To qualify for medical marijuana under A457, the patient’s PTSD symptoms would have to be “resistant to conventional medical therapy, which generally combines psychotherapy with antidepressants and anti-anxiety medications,” the bill states.
Patients would also need to meet existing requirements for the state’s medical marijuana program as well, including obtaining certification of the patient’s health condition from a physician with whom the patient has a bona fide physician-patient relationship. Also, the patient must be a resident of New Jersey.
Currently, patients suffering from the following conditions are eligible for medical cannabis in New Jersey:
- one of the following conditions, if resistant to conventional medical therapy: seizure disorder, including epilepsy; intractable skeletal muscular spasticity; or glaucoma;
- one of the following conditions, if severe or chronic pain, severe nausea or vomiting, cachexia, or wasting syndrome results from the condition or treatment thereof: positive status for human immunodeficiency virus; acquired immune deficiency syndrome; or cancer;
- amyotrophic lateral sclerosis, multiple sclerosis, terminal cancer, muscular dystrophy, or inflammatory bowel disease, including Crohn’s disease;
- terminal illness, if the physician has determined a prognosis of less than 12 months of life.
Senate to Vote on Identical Companion Bill
Assembly Bill 457 now moves to the Senate for consideration, where an identical companion bill, Senate Bill S2345, was approved by the Senate Health, Human Services and Senior Citizens Committee on Thursday.
S2345 will now go to the floor of the Senate for a vote, where it is expected to pass.
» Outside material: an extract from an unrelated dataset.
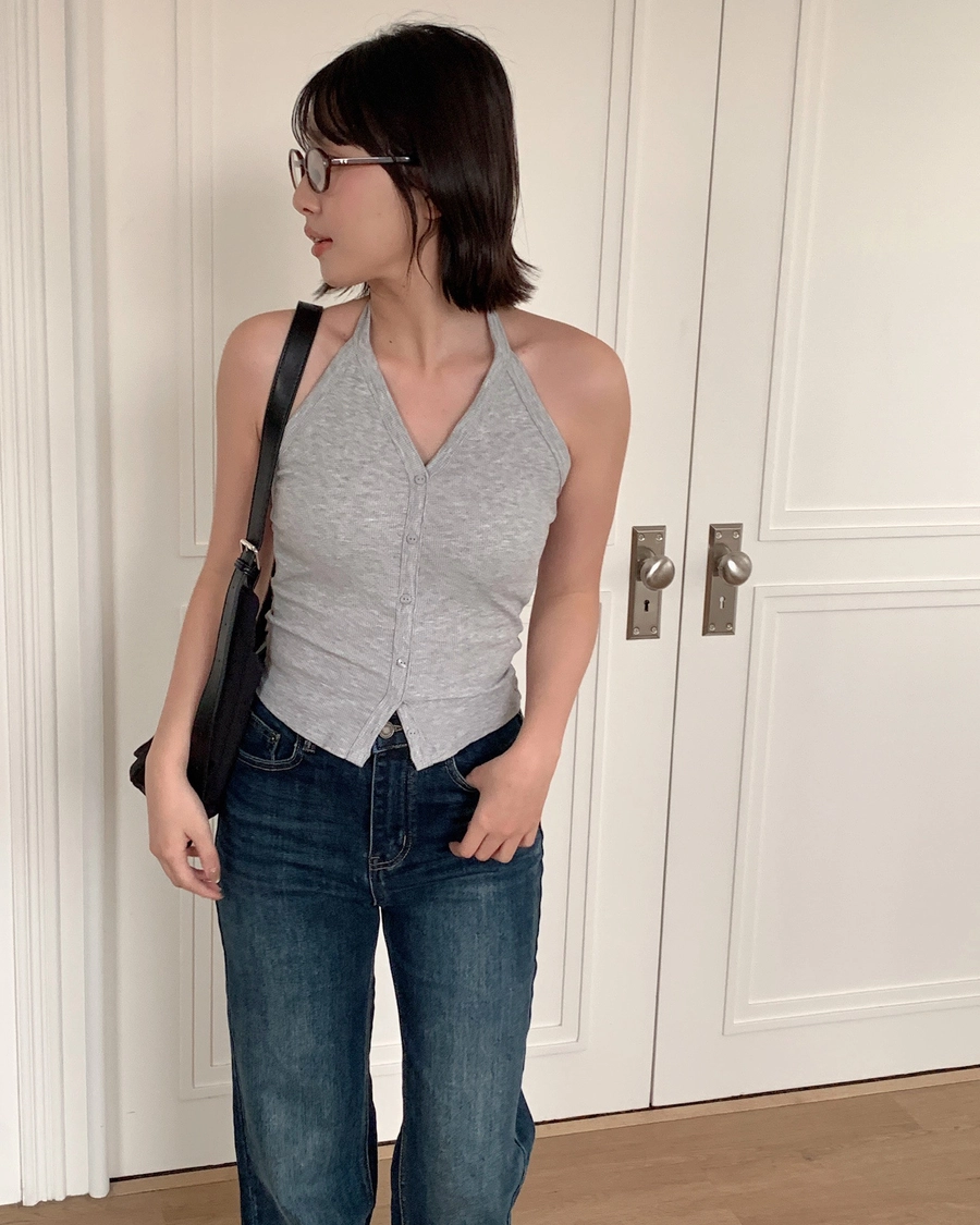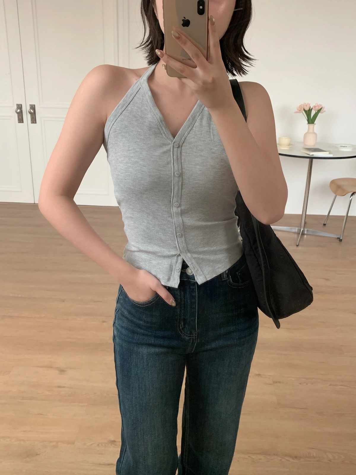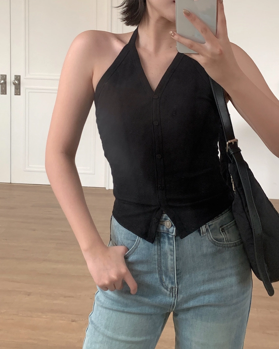 特價_人手一件❤️🔥顯瘦排釦掛脖背心(2763)

The vote could come as early as this afternoon, and is expected within coming days.
Because the language of the joint legislation is identical, approval by the Senate of their proposal would send the twin measures to Gov. Christie for final approval.
“Given PTSD’s prevalent and debilitating nature, we should be doing whatever we can to help victims cope and overcome it.” – Assemblyman Reed Gusciora
If passed by both chambers, it remains unclear if pot prohibitionist Chris Christie will sign the bill into law or veto it. The governor has expressed many times that he opposes expanding the state’s medical marijuana program.
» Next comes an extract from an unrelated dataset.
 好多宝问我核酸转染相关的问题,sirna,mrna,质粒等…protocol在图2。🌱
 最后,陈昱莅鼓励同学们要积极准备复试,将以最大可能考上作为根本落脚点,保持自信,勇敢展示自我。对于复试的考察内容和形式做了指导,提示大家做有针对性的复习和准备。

New Jersey is home to an estimated 480,000 veterans. It is believed that as many as 20 percent of veterans in New Jersey suffer from PTSD.
“Statistics show that roughly one out of five military personnel deployed in Iraq and Afghanistan have experienced PTSD,” said bill co-sponsor Assemblyman Reed Gusciora (D-Mercer/Hunterdon). “Meanwhile, medical marijuana has been reported to alleviate many of the debilitating side effects of PTSD without the anesthetizing quality of many traditional medications. Given PTSD’s prevalent and debilitating nature, we should be doing whatever we can to help victims cope and overcome it.”
New Jersey lawmakers are also considering a separate proposal that would allow women with severe menstrual pain to qualify for medical marijuana use in the state.